This code below I understand and was helpful.
But I would like to make this a generic approach, but cannot actually get started, and think that it is not possible actually with the case
statement. I am looking at another approach, but am interested if a generic approach is also possible here.
import spark.implicits._
import org.apache.spark.sql.Encoders
// Creating case classes with the schema of your json objects. We're making
// these to make use of strongly typed Datasets. Notice that the MyChgClass has
// each field as an Option: this will enable us to choose between "chg" and
// "before"
case class MyChgClass(b: Option[String], c: Option[String], d: Option[String])
case class MyFullClass(k: Int, b: String, c: String, d: String)
case class MyEndClass(id: Int, after: MyFullClass)
// Creating schemas for the from_json function
val chgSchema = Encoders.product[MyChgClass].schema
val beforeSchema = Encoders.product[MyFullClass].schema
// Your dataframe from the example
val df = Seq(
(1, """{"b": "new", "c": "new"}""", """{"k": 1, "b": "old", "c": "old", "d": "old"}""" ),
(2, """{"b": "new", "d": "new"}""", """{"k": 2, "b": "old", "c": "old", "d": "old"}""" )
).toDF("id", "chg", "before")
// Parsing the json string into our case classes and finishing by creating a
// strongly typed dataset with the .as[] method
val parsedDf = df
.withColumn("parsedChg",from_json(col("chg"), chgSchema))

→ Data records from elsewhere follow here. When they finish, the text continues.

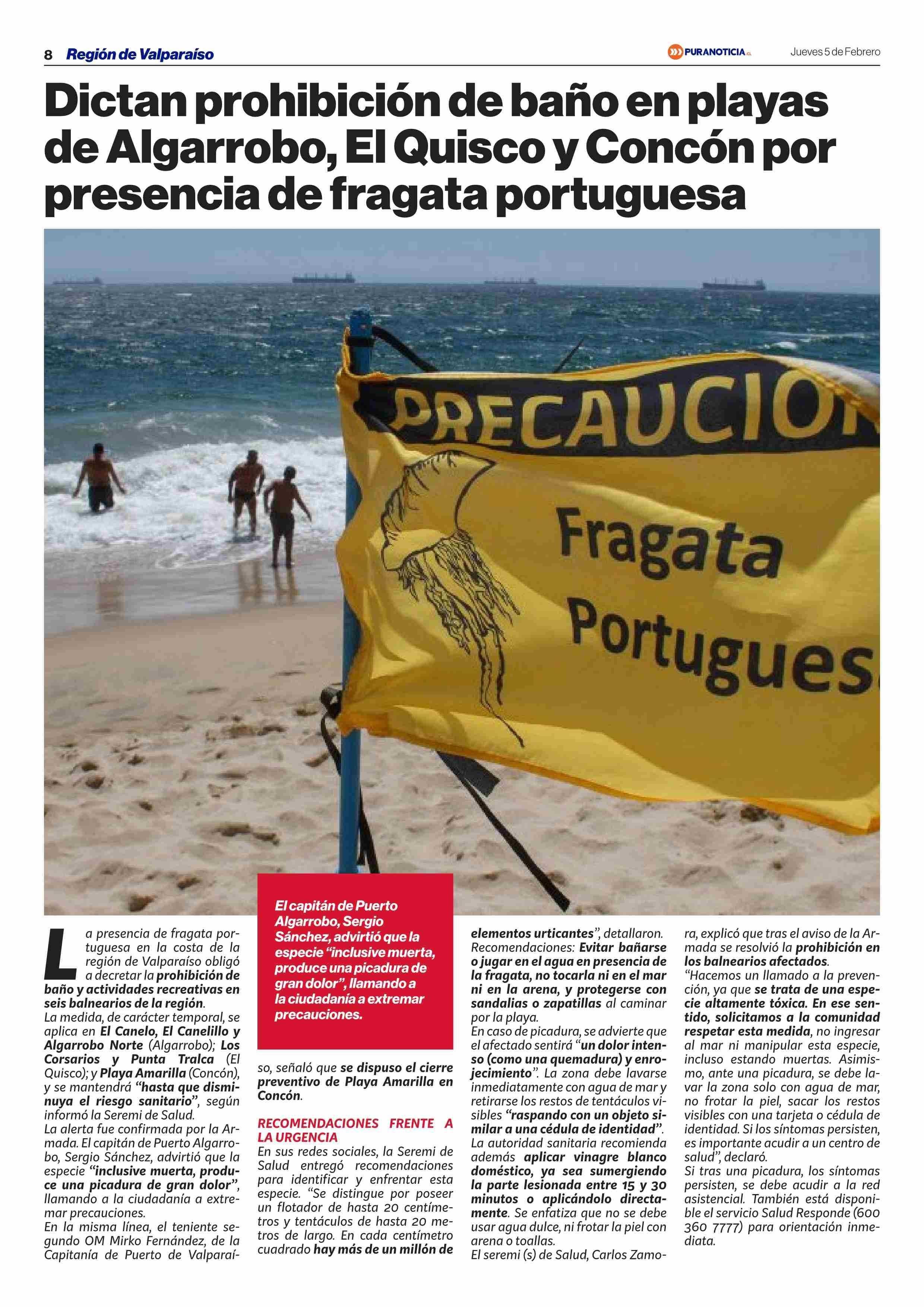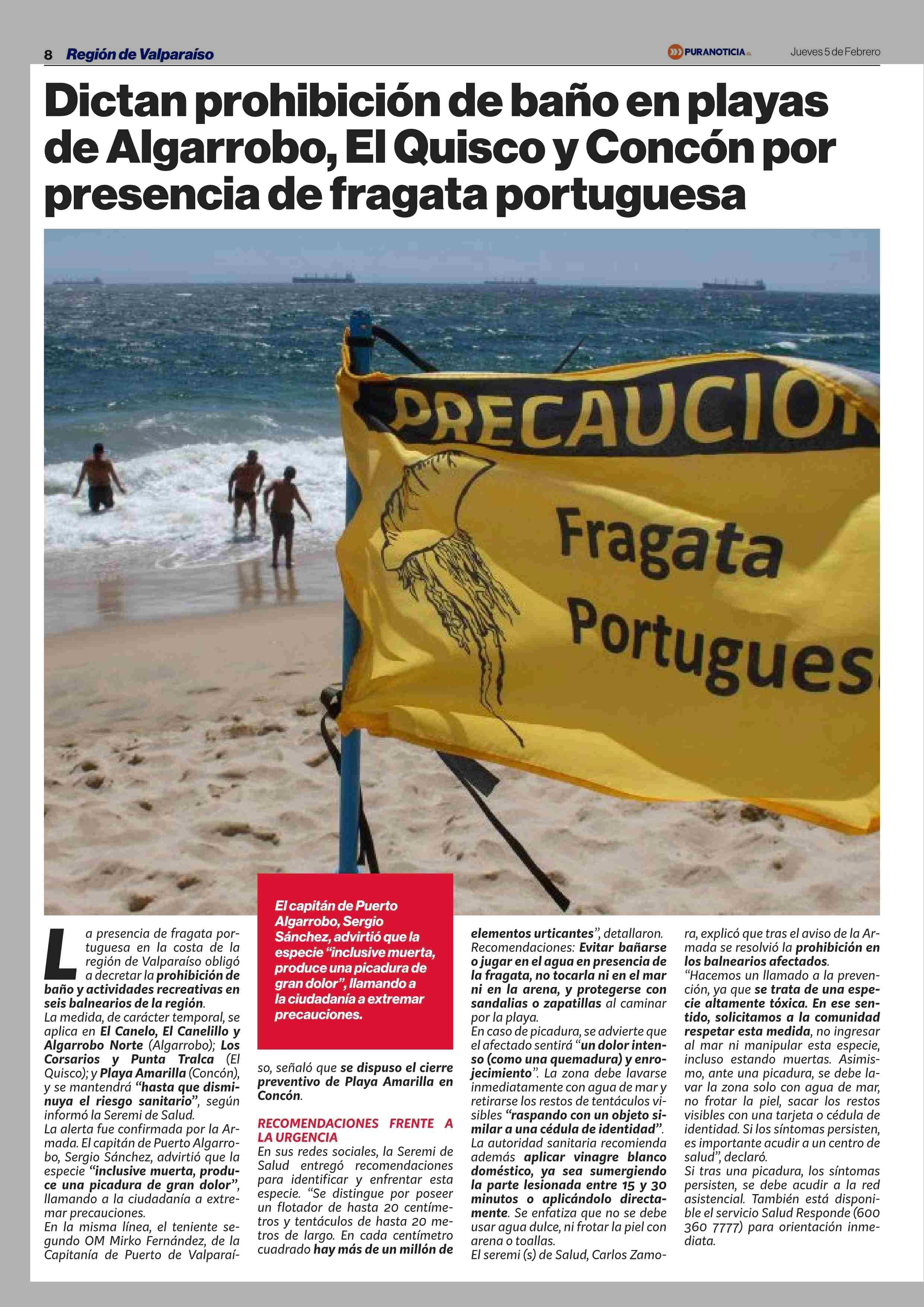 Título: Dictan prohibición de baño en playas de Algarrobo, El Quisco y Concón por presencia de fragata portuguesa
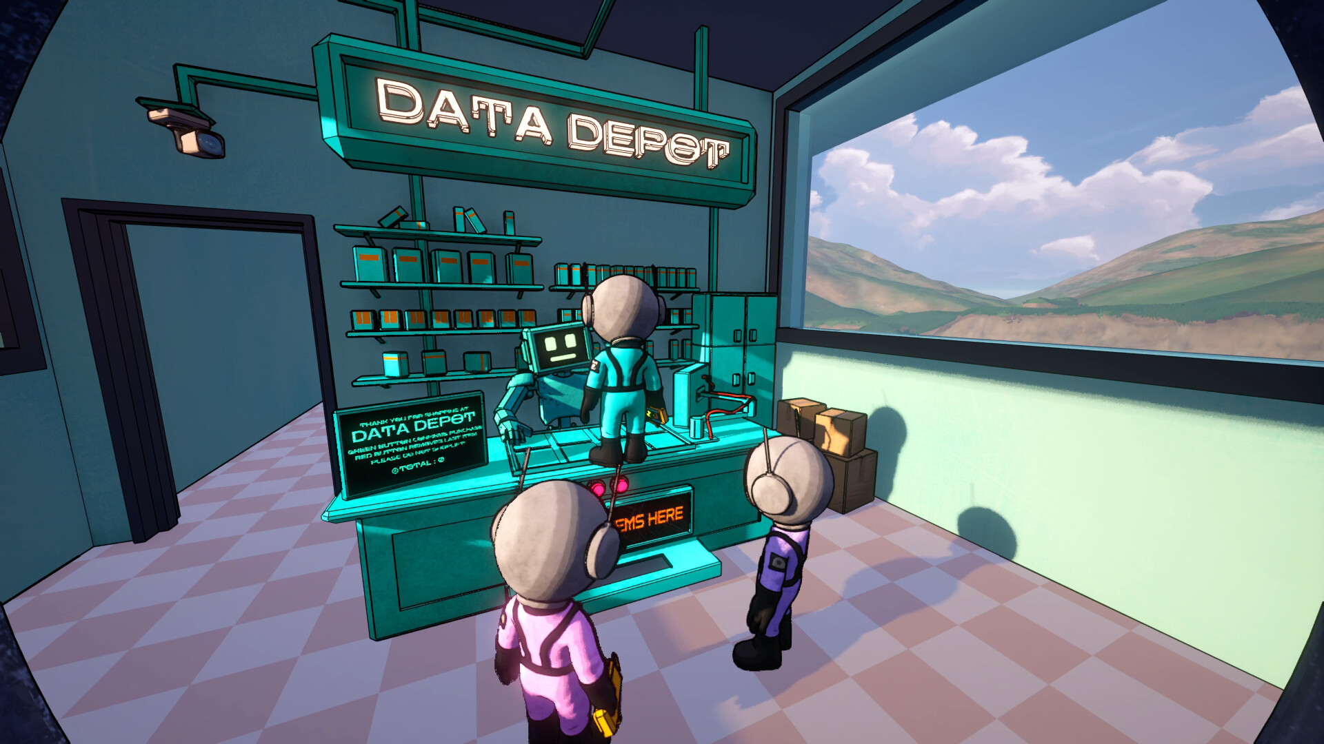 Data Breach es un juego cooperativo para 1–4 jugadores. Roba datos e irrumpe en instalaciones, luego llega al tren antes de que se agote tu batería. Gana Jolts para comprar equipo. Quédate más tiempo para mayores botines, pero si fallas la extracción, serás reacondicionado. Consejo: sé amable con el conductor del tren; sale a tiempo.
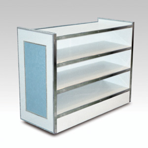 ・サイズ:W900×D530×H1000mm ・キャスターサイズ:125φ 自在キャスター2輪 固定キャスター2輪 ・天板/本体:メラミン化粧板 ステンレスエッジ ・販売価格:\468,000 (消費税は別途)
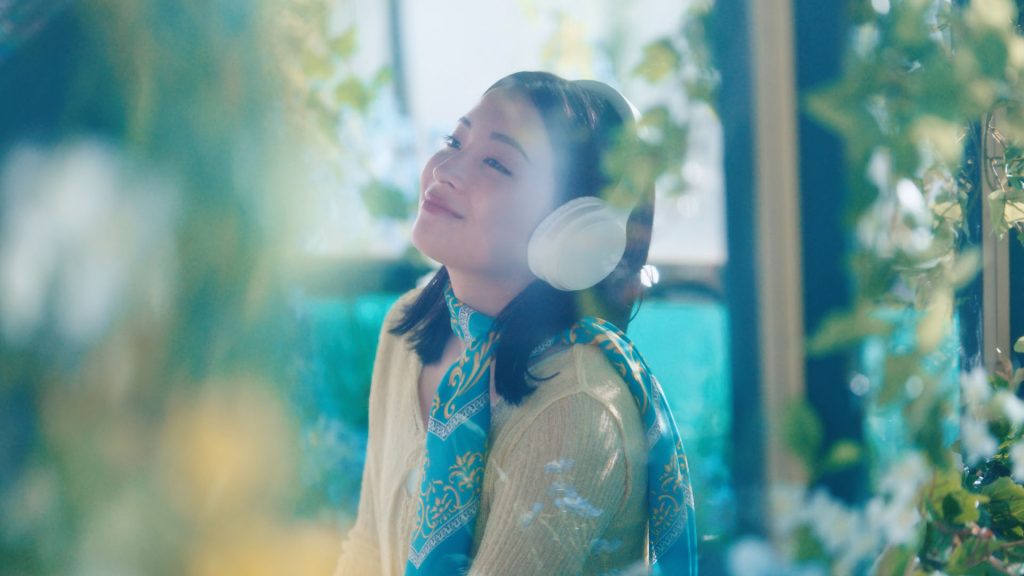 一人の自由な楽しい時間をいろいろな気分で演じ分けることが、あまりない経験でした。特にヘアメイクやファッションを香りに合わせて変えていくのが、女子としてすごく楽しい撮影でした。
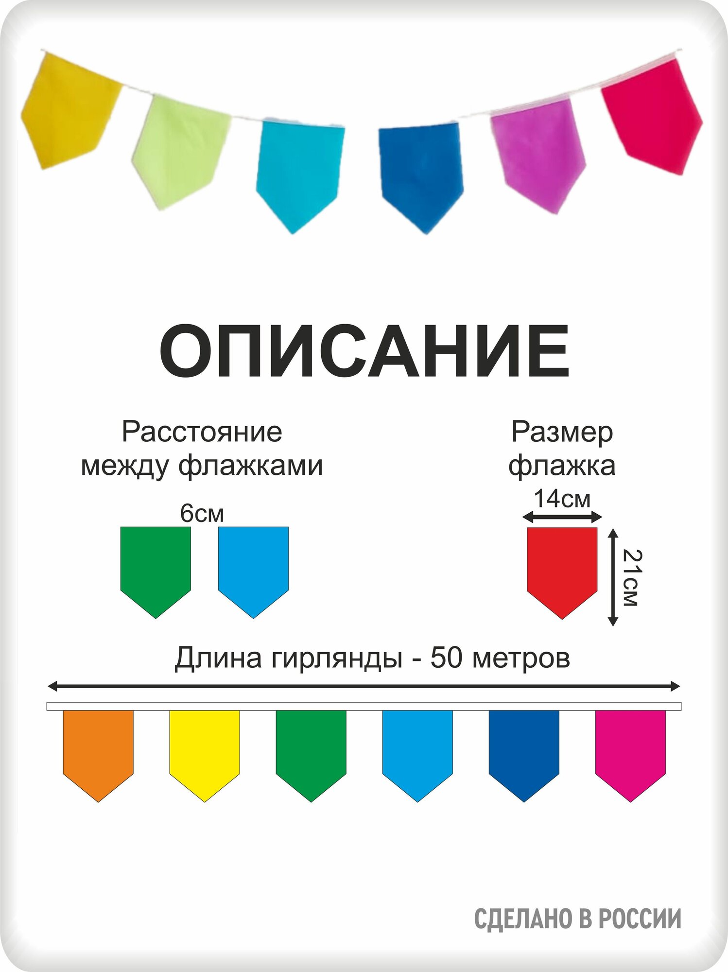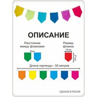 Гирлянда из флажков "Домик" длиной 50 метров и разноцветная, что позволяет использовать ее на различных мероприятиях и праздниках. Флажки гирлянды имеют размеры 14х21 см и расстояние между ними составляет 6 см. В гирлянде 250 флажков, вырезанных с помощью лазера, что гарантирует отсутствие осыпающихся краев. Флажки можно стирать и утюжить, что обеспечивает их долговечность и удобство использования. Гирлянда изготовлена из синтетической ткани (полиэстер), что делает ее устойчивой к влаге и дождю. Это позволяет использовать гирлянду на улице и в помещении, а также в случае намокания флажков, с ними ничего не случится. В упаковке находится одна гирлянда, что делает ее удобной для транспортировки и хранения. Гирлянда из флажков станет отличным украшением для помещения или улицы, а также для проведения фотосессий. Она подойдет для различных праздников и мероприятий, таких как выпускной в детском саду, школе, день рождения, гендер пати, День знаний, юбилей, свадьба, корпоратив, девичник и других.
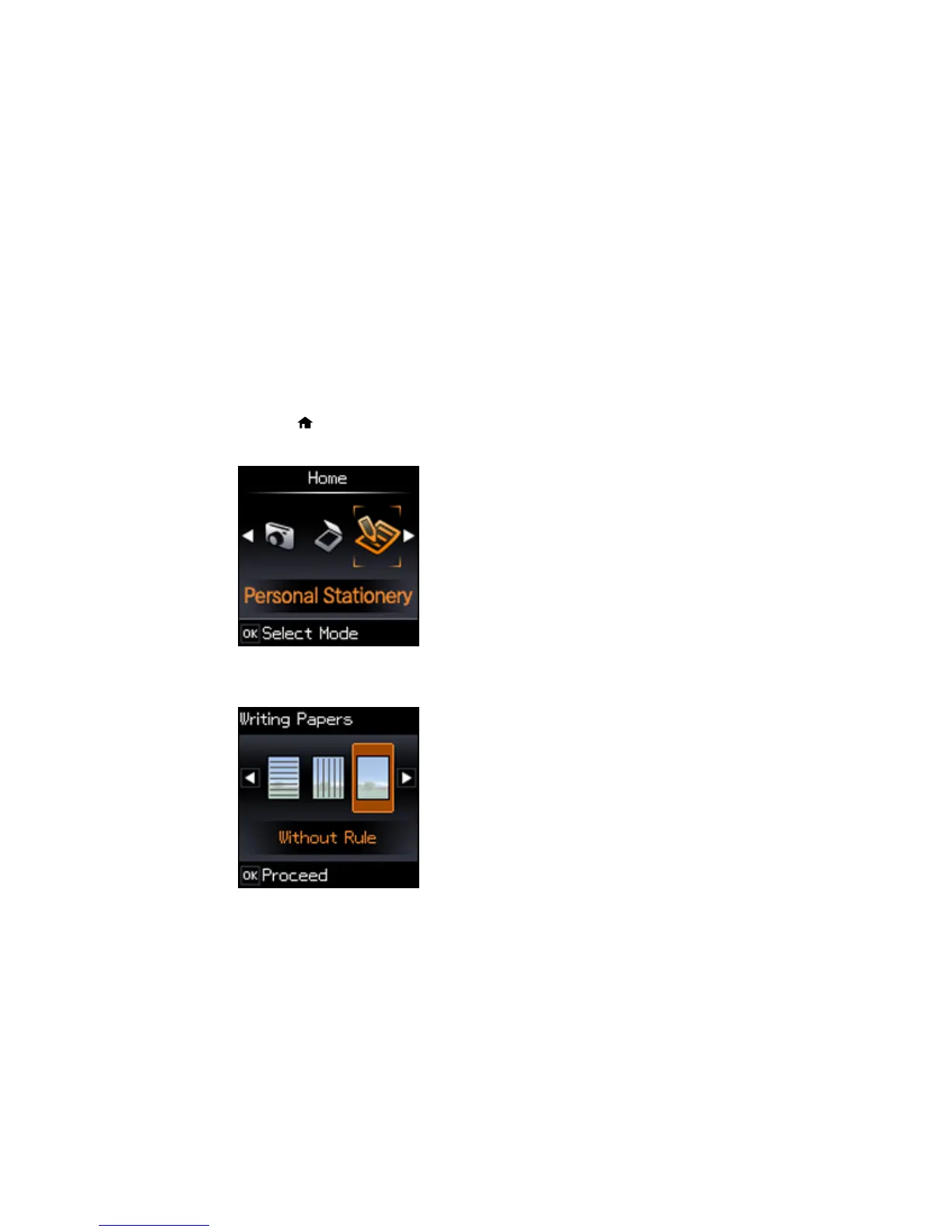 4. Press the left or right arrow button to select Personal Stationery and press the OK button.

.withColumn("parsedBefore",from_json(col("before"), beforeSchema))
.drop("chg")
.drop("before")
.as[(Int, MyChgClass, MyFullClass)]
// Mapping over our dataset with a lot of control of exactly what we want. Since
// the "chg" fields are options, we can use the getOrElse method to choose
// between either the "chg" field or the "before" field
val output = parsedDf.map{
case (id, chg, before) => {
MyEndClass(id, MyFullClass(
before.k,
chg.b.getOrElse(before.b),
chg.c.getOrElse(before.c),
chg.d.getOrElse(before.d)
))
}
}
output.show(false)
parsedDf.printSchema()
We have many such situations, but with differing payload. I can get the fields of the case class, but cannot see the forest for the trees how to make this generic. E,g, [T] type approach for the below. I am wondering if this can be done in fact?
I can get a List of attributes, and am wondering if something like attrList.map(x => ...)
with substitution can be used for the chg.b
etc?
val output = parsedDf.map{
case (id, chg, before) => {
MyEndClass(id, MyFullClass(
before.k,
chg.b.getOrElse(before.b),
chg.c.getOrElse(before.c),
chg.d.getOrElse(before.d)
))
}
}